Grant Ingersoll updated MAHOUT-627:
-----------------------------------

    Fix Version/s:     (was: 0.8)
                   0.9
    
> Baum-Welch Algorithm on Map-Reduce for Parallel Hidden Markov Model Training.
> -----------------------------------------------------------------------------
>
>                 Key: MAHOUT-627
>                 URL: https://issues.apache.org/jira/browse/MAHOUT-627
>             Project: Mahout
>          Issue Type: Task
>          Components: Classification
>    Affects Versions: 0.4, 0.5
>            Reporter: Dhruv Kumar
>            Assignee: Grant Ingersoll
>              Labels: gsoc, gsoc2011, mahout-gsoc-11
>             Fix For: 0.9
>
>         Attachments: ASF.LICENSE.NOT.GRANTED--screenshot.png, 
> MAHOUT-627.patch, MAHOUT-627.patch, MAHOUT-627.patch, MAHOUT-627.patch, 
> MAHOUT-627.patch, MAHOUT-627.patch, MAHOUT-627.patch, MAHOUT-627.patch, 
> MAHOUT-627.patch, MAHOUT-627.patch, MAHOUT-627.patch
>
>
> Proposal Title: Baum-Welch Algorithm on Map-Reduce for Parallel Hidden Markov 
> Model Training. 
> Student Name: Dhruv Kumar 
> Student E-mail: dku...@ecs.umass.edu 
> Organization/Project: Apache Mahout 
> Assigned Mentor: 
> Proposal Abstract: 
> The Baum-Welch algorithm is commonly used for training a Hidden Markov Model 
> because of its superior numerical stability and its ability to guarantee the 
> discovery of a locally maximum,  Maximum Likelihood Estimator, in the 
> presence of incomplete training data. Currently, Apache Mahout has a 
> sequential implementation of the Baum-Welch which cannot be scaled to train 
> over large data sets. This restriction reduces the quality of training and 
> constrains generalization of the learned model when used for prediction. This 
> project proposes to extend Mahout's Baum-Welch to a parallel, distributed 
> version using the Map-Reduce programming framework for enhanced model fitting 
> over large data sets. 
> Detailed Description: 
> Hidden Markov Models (HMMs) are widely used as a probabilistic inference tool 
> for applications generating temporal or spatial sequential data. Relative 
> simplicity of implementation, combined with their ability to discover latent 
> domain knowledge have made them very popular in diverse fields such as DNA 
> sequence alignment, gene discovery, handwriting analysis, voice recognition, 
> computer vision, language translation and parts-of-speech tagging. 

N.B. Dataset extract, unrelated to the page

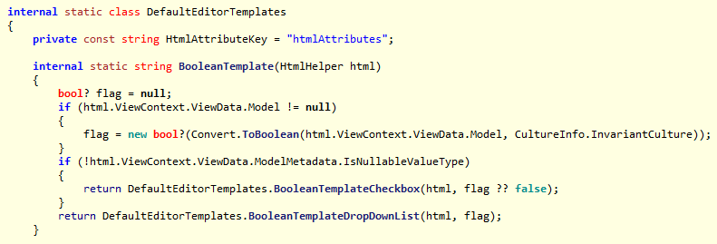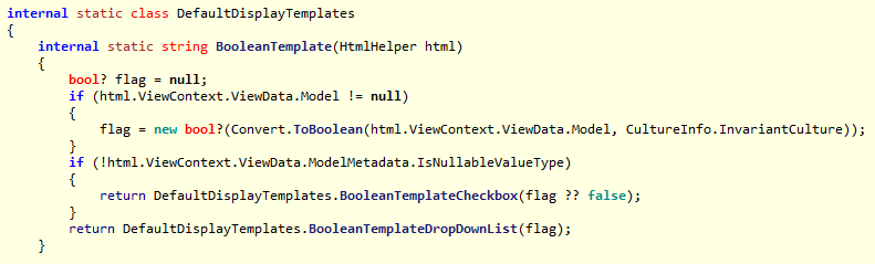 Display与Editor是根据模型的数据类型来判断如何对模型进行展示。ASP.NET MVC中为Display和Editor提供了一些基础类型的默认模板实现分别通过内部静态类型DefaultEditorTemplates和DefaultDisplayTemplates进行存储,下面是bool类型模板代码: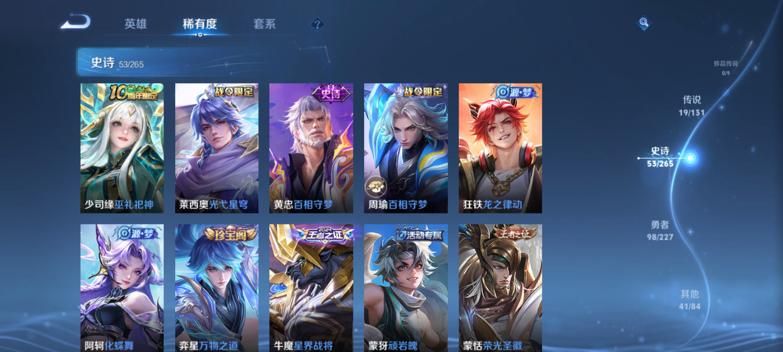 【王者荣耀】【lywz24065】珍品无双0 典藏1 无双0 珍品传说0 传说19 史诗53 英雄126 皮肤212 贵族7级 荣耀典藏:星域神启__传说皮肤:鸣野蒿|无双飞将|绛天战甲|地狱之眼|孙策-末日机甲|刘备-时之恋人|一念神魔|飞鸢探春|李|兰陵王-默契交锋|诗剑行|战鼓燎原|逐花归海|祥瑞亨通|愿照·九州拓|万灵伏威|神树通天|纵目迁山__稀有限定:至尊宝|李小龙|大漠名商|高山流水|古海寻踪|海滩派对|海盐诗旅|胡桃夹子|皇家上将|剑破天穹|江河有灵|金庭之子|黎明之约|魔术师|千军破阵|擒涛扼浪|驱傩正仪|荣光圣徽|沙漠行僧|探海日志|醍醐杖|天穹祈灯|玩趣恶龙|万华元夜|无心|五谷丰年|星界游侠|演武夺筹|阴阳师|原初追逐者|暗隐猎兽者|暗渊魔法|缤纷独角兽|冰冠公主|冰雪圆舞曲|乘风破浪|鬼剑武藏|黄金分割率|金属风暴|吕布-末日机甲|魅力维加斯|梦奇-顽趣|热力回旋|圣诞恋歌|水果甜心|水晶猎龙者|孙策-猫狗日记|天秀·启明|赵云-未来纪元|星夜王子|摇滚巨星|鹰眼统帅|幽灵船长|钟无艳-超时空战士|逐浪之夏|紫霞仙子|噬灭天穹|霜北刀|顽岩魄|天穹之誓|修罗|曙光守护者|心灵战警|千年之狐|特工魅影|星界战将|谧流熔炉|万物之道|化蝶舞|原初探秘者|云中旅人|暖冬·兔眠|落雪兰心|仙境爱丽丝|龙之律动|虚灵犬护|逆浪荇歌|孙策-百相守梦|周瑜-百相守梦|黄忠-百相守梦|光弋星穹|往忆晖光|荣光之誓|巫礼祀神|鹤鸣心笺__优质皮肤:埃及法老|孤猎|熊喵少女|午夜歌剧院|露花倒影|激情绿茵|天启骑士|碧珀绯影|秩序猎龙将|冰刃幻境|维京掠夺者|踏雪寻梅|启蛰|画中游|威尼斯狂欢|芝加哥教父|绝影神呛|幸存者|赤焰之缨|隐刃|前尘|特种部队|精灵王|剑舞者|范海辛|星航指挥官|龙域领主|占星师|花间舞|魇语军师|花见巫女|棒球奇才|灼热之刃|霓裳曲|阿摩司公爵|修竹墨客|万圣前夜|长夏之忆|暗都幽影|功夫炙烤|聚星闪耀|潮玩探月行|瓷语鉴心|秘密基地|次元突破|鲨炮海盗猫|野性能量|丁香结|奇妙博物学|虹云星官|守护之力|幻乐之宴|功夫老勺|命运角斗场|海滩丽影|兔女郎|死亡骑士|黄金武士|天使之翼|玩偶对对碰|忍·炎影|街头霸王|教廷特使|西部游侠|太极少年|乐园追猎者|进击墨子号|拳王|救世之瞳|白色死神|爱与正义|大发明家|哥特玫瑰|星梦巡礼|缤纷绘卷|逐霄战戟|纽约教父|龙腾万里|乱世虎臣|孙悟空-西部大镖客|牛魔-西部大镖客|鲁班大师-归虚梦演|热血海滩|龙舞盛年|汉昭烈帝|乓乓大师|五福同心|盾山-圆桌骑士|万事如意|曜-归虚梦演|唤灵魔甲|沉稳之力|程咬金-群星魔术团|花好人间|熔金海岸|万象初新|蔚蓝守将|劲辣红锅|妄想特派|玫蓝誓约|命运加冕|无双福将|踏浪烽翎|云械蓝图|克喵|哪吒-罗小黑战记|张良-罗小黑战记|径山谋武__贵族等级:贵族7级__王者段位:荣耀王者精美练手小号 典藏星域神启 李 ,诗剑行,时之恋人,绛天战甲,末日机甲,纵目迁山,战鼓燎原,霜北刀,飞鸢探春,神树通天,万灵伏威,一念神魔,逐花归海,无双飞将,祥瑞亨通,愿照·九州拓,地狱之眼,默契交锋

> A HMM is defined as a tuple (S, O, Theta) where S is a finite set of 
> unobservable, hidden states emitting symbols from a finite observable 
> vocabulary set O according to a probabilistic model Theta. The parameters of 
> the model Theta are defined by the tuple (A, B, Pi) where A is a stochastic 
> transition matrix of the hidden states of size |S| X |S|. The elements 
> a_(i,j) of A specify the probability of transitioning from a state i to state 
> j. Matrix B is a size |S| X |O| stochastic symbol emission matrix whose 
> elements b_(s, o) provide the probability that a symbol o will be emitted 
> from the hidden state s. The elements pi_(s) of the |S| length vector Pi 
> determine the probability that the system starts in the hidden state s. The 
> transitions of hidden states are unobservable and follow the Markov property 
> of memorylessness. 
> Rabiner [1] defined three main problems for HMMs: 
> 1. Evaluation: Given the complete model (S, O, Theta) and a subset of the 
> observation sequence, determine the probability that the model generated the 
> observed sequence. This is useful for evaluating the quality of the model and 
> is solved using the so called Forward algorithm. 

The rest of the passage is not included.